The cases 0 and 1 are only different by not. I do not like to encode the necessity to invert into the arguments of the and function,

switch (c) {
    case '-': break;
    case '0': a = and(true, a, e); break;
    case '1': a = and(false, a, e); break;
    default: throw new Exception("Unexpected cube value, " + c);
}

because this will need a conditional if (invert) e = inv(e); in the function, whereas we already established the need to invert when resolved the switch.

I mean that in case1 you know that you do not need any inv. In case0, you know that you need one. If you now merge the cases, you will need one more if to resolve between case1 (inv is not needed) and case0 (inv is needed) once again.

Answer 1

There are two significantly different ways I can think of to rewrite your code.

The first is to put case '0' and case '1' together by letting one case 'fall through', and then using the ternary operator with in the code to see if we should invert or not.

switch (c) {
    case '-': break;
    case '0': // fall through to execute the same code as below
    case '1': 
         e = expr(j).reduce(C1);
         // Using the ternary operator to determine whether or not e should go through not first.
         a = and(a, c == '0' ? not(e) : e);
         break;
    default: throw new Exception("Unexpected cube value, " + c);
}

The other approach is to skip the switch and use if-else

if (c == '0' || c == '1') {
     e = expr(j).reduce(C1);
     a = and(a, c == '0' ? not(e) : e); // Again, using the ternary operator.
}
else if (c != '-') 
    throw new Exception("Unexpected cube value, " + c);

There might be even better ways to rewrite this code, if I would know more context about it.

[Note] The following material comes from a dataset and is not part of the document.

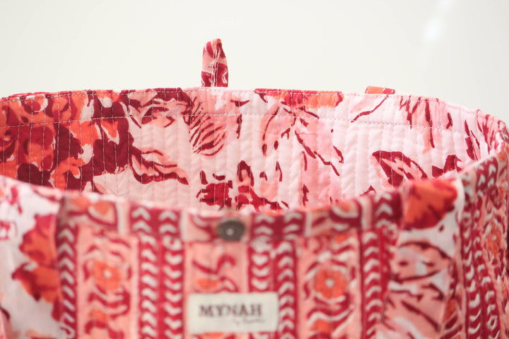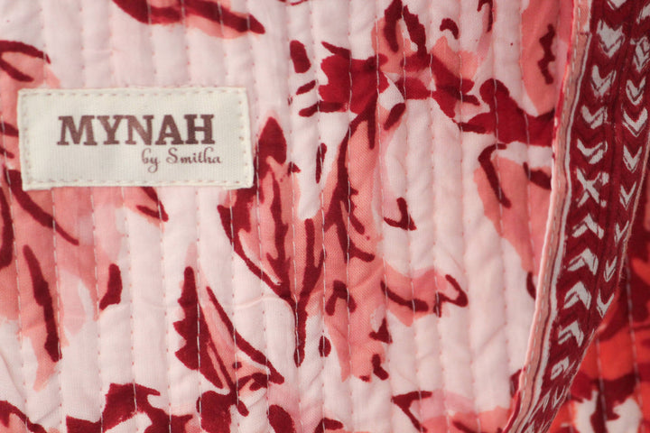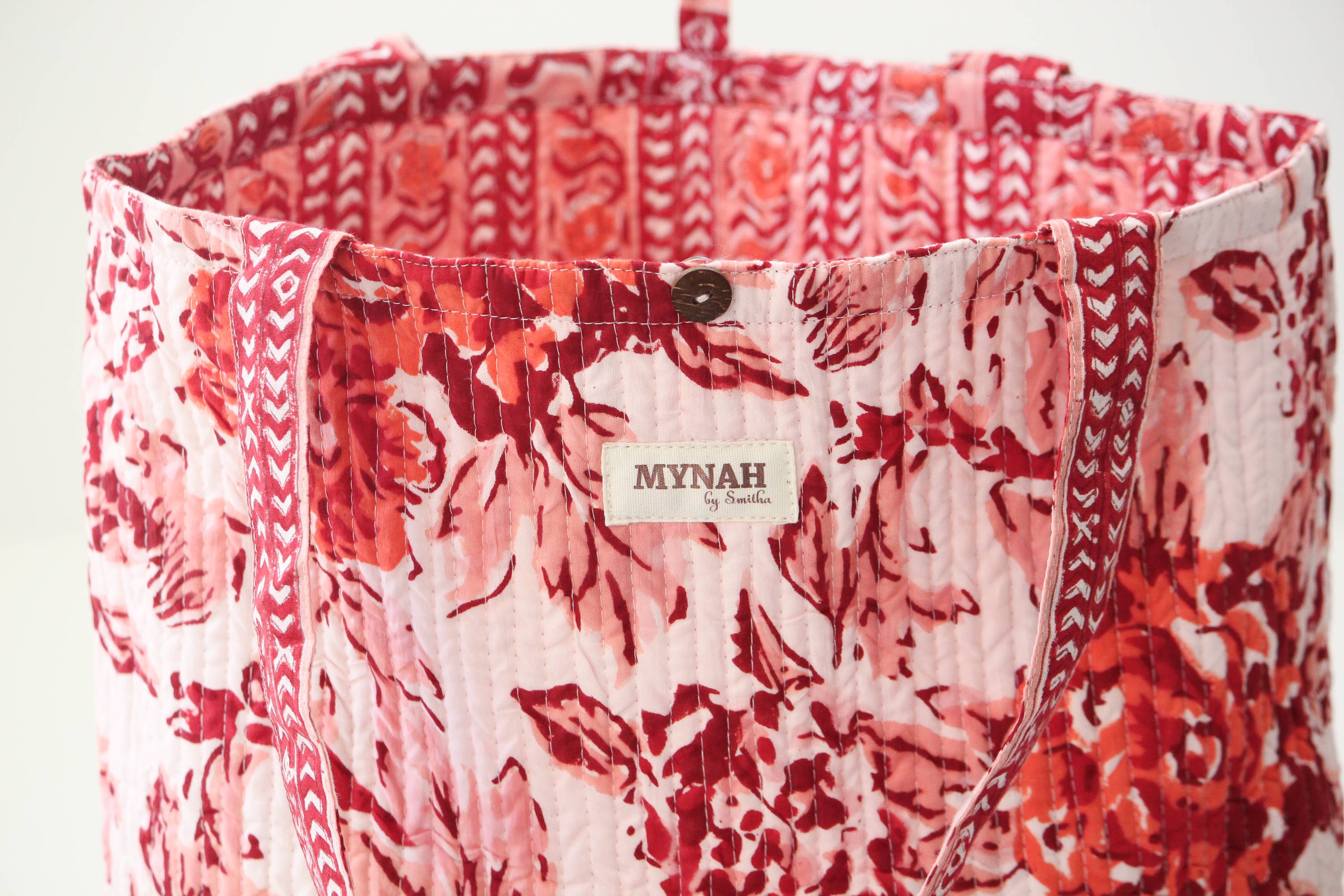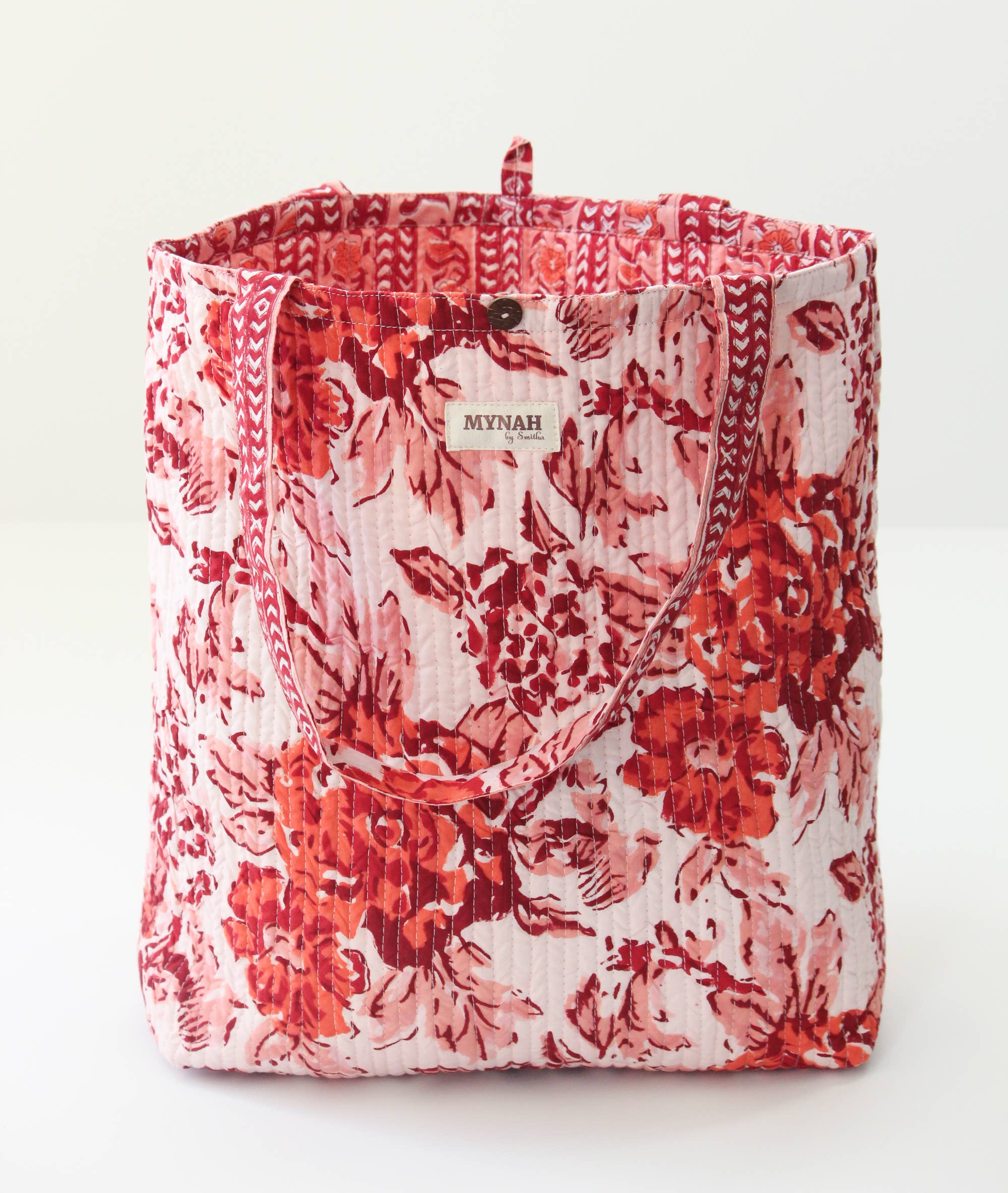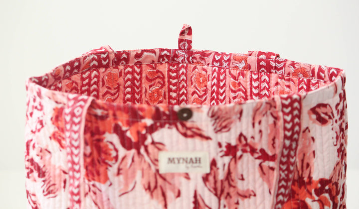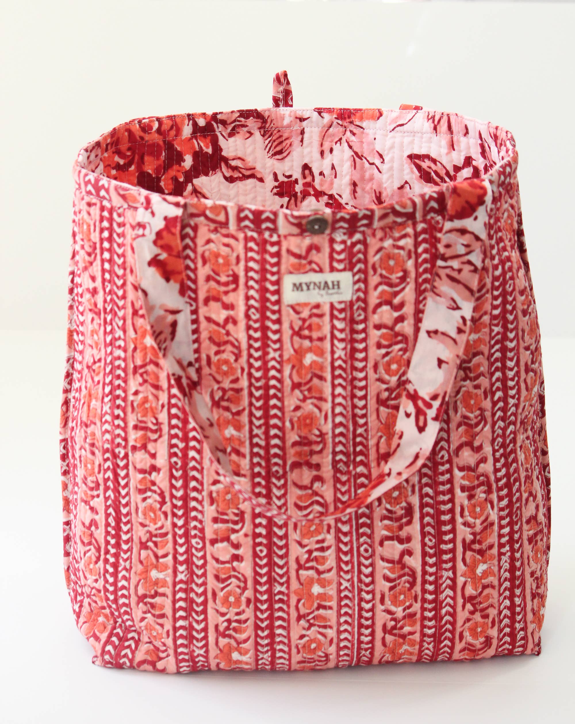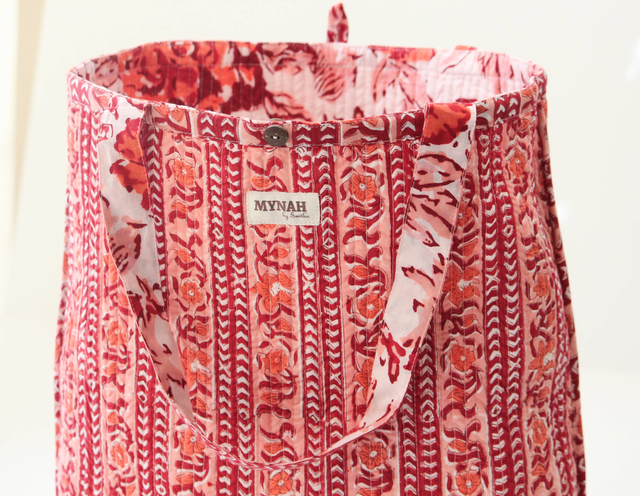 Gorgeous hand block printed quilted tote bag with reversible design.

I agree that you should not move the logic of inverting e to the and method.

Explanation of the ternary operator:

a = and(a, c == '0' ? not(e) : e);

This is the same thing as:

if (c == '0')
     a = and(a, not(e));
else 
     a = and(a, e);

A more detailed explanation can be found on wikipedia

Answer 2

Following on from Simon's answer (which I believe will be more than great for 99.99% of users).....

... actually, I have looked though the code, and I don't understand enough of it to make sense of the right answer:

• why do you do the map-reduce at all if a = and(a,e) will be 'false' if a starts off 'false`?
• the map-reduce (two method calls) are far, far more expensive than the switch and conditionals outside the methods... this loop does not need to be optimized any more.
• The 'boolean-like' variables a, e are not well described at all.

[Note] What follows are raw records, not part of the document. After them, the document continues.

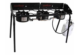 The Camp Chef Explorer 3X features three 30,000 BTU burners for maximum cooking versatility. A huge cooking surface will allow you to cook for large groups with ease. With the Explorer 3X you can grill, griddle, boil, or fry. Great for Dutch oven cooking as well. Drum style burner housing and three-sided wind screen protect flame from wind. Rugged construction is durable and built to last and removable legs make storage and portability easier. Great for use cooking any meal at camp, home, and the cabin. Plenty of cooking area for a Professional Barbecue Box and a Professional Griddle.
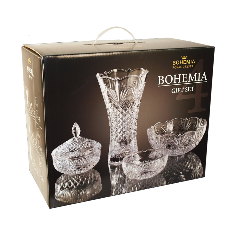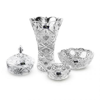 BOHEMIA set crystal tableware MIRANDA 4 pieces - vase, bowl, ashtray and candy dish.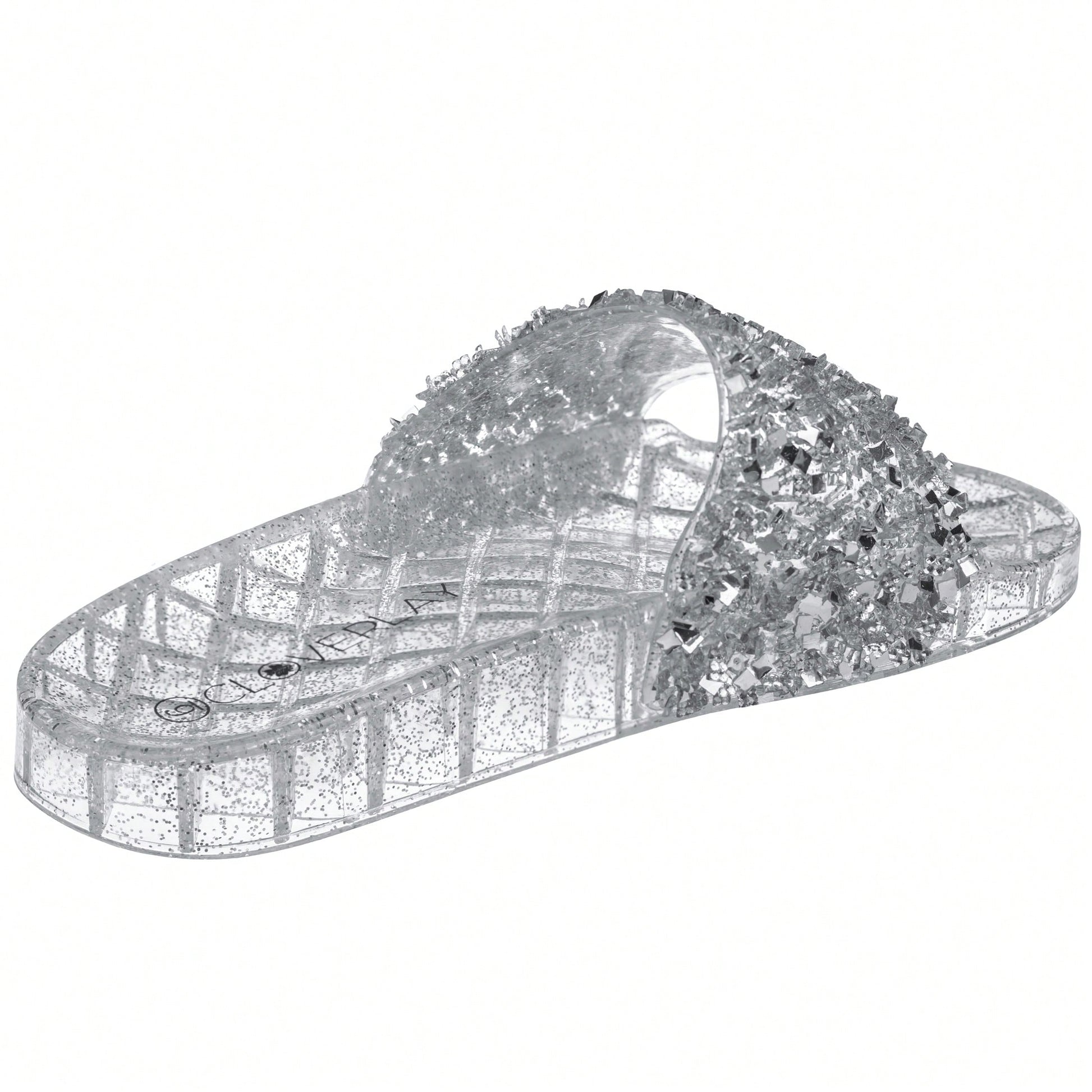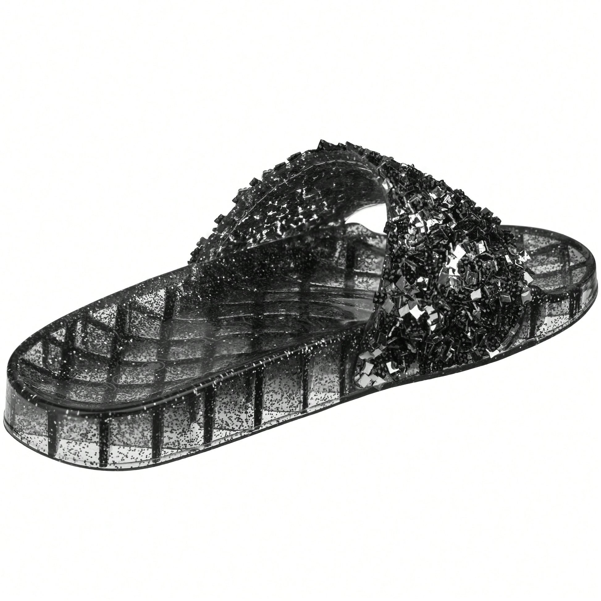 Women Rhinestone Decor Outdoor And Indoor Glamorous Flat Slides Jelly Glitter Slide Sandals Slippers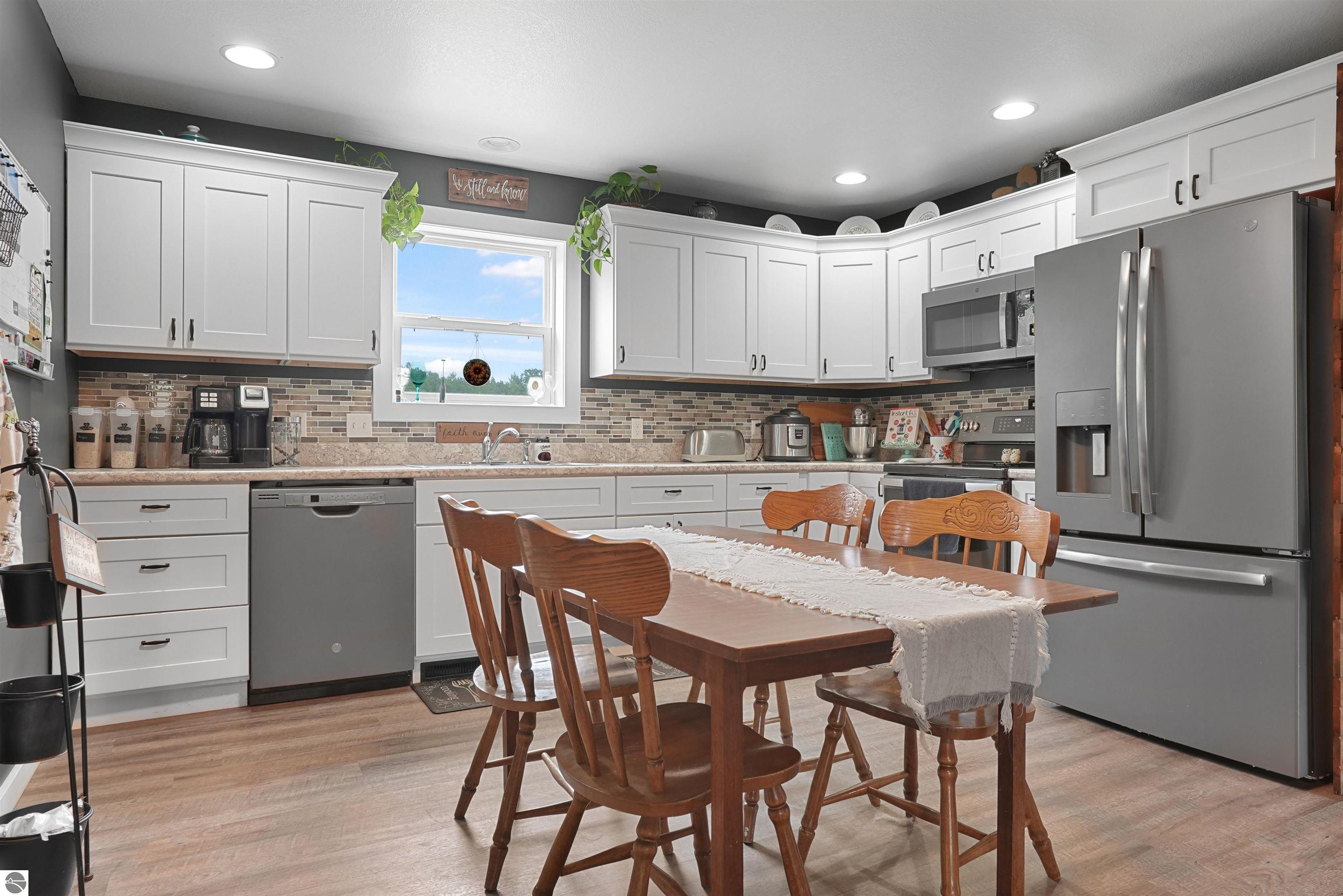Step into modern living with this newly built 2021 home that emits contemporary style. Boasting 3 bedrooms and 2.5 baths, the open floor plan fills the space with abundant natural light, ideal for entertaining and relaxed days at home. The finished basement expands the home's versatility, offering flexible space that can be tailored to your lifestyle whether as a private retreat, home office, or additional entertainment area. Enjoy the convenience of a 2-car garage and a welcoming covered front porch, a perfect spot for a morning coffee. A standout feature is the unique pots and pans wall a creative twist that adds personality and culinary inspiration. Located just a short drive from Lake Cadillac, Lake Mitchell, and downtown Cadillac, this home meshes modern style with accessibility to local attractions.

Without knowing more about the code and it's context, I can think of only one thing that may help, and this is an extension of Simon's answer:

if (((c - '0')) >> 1 == 0) { // reduce cyclomatic complexity by 1.
    // '0' is 0x30, (c - '0') will end up with 0 for '0' and 1 for '1' - anything else is wrong
    e = expr(j).reduce(C1);
    a = and(a, c == '0' ? not(e) : e); // Again, using the ternary operator.
} else if (c != '-') 
    throw new Exception("Unexpected cube value, " + c);

Any other suggestions would just be wild guesses.

EDIT

public static void char01() {
    for (char c = Character.MIN_VALUE; c <= Character.MAX_VALUE; c++) {
        if ((c - '0') >> 1 == 0) {
            System.out.println("This matches '" + c + "'");
        }
    }
}

produces:

This matches '0'
This matches '1'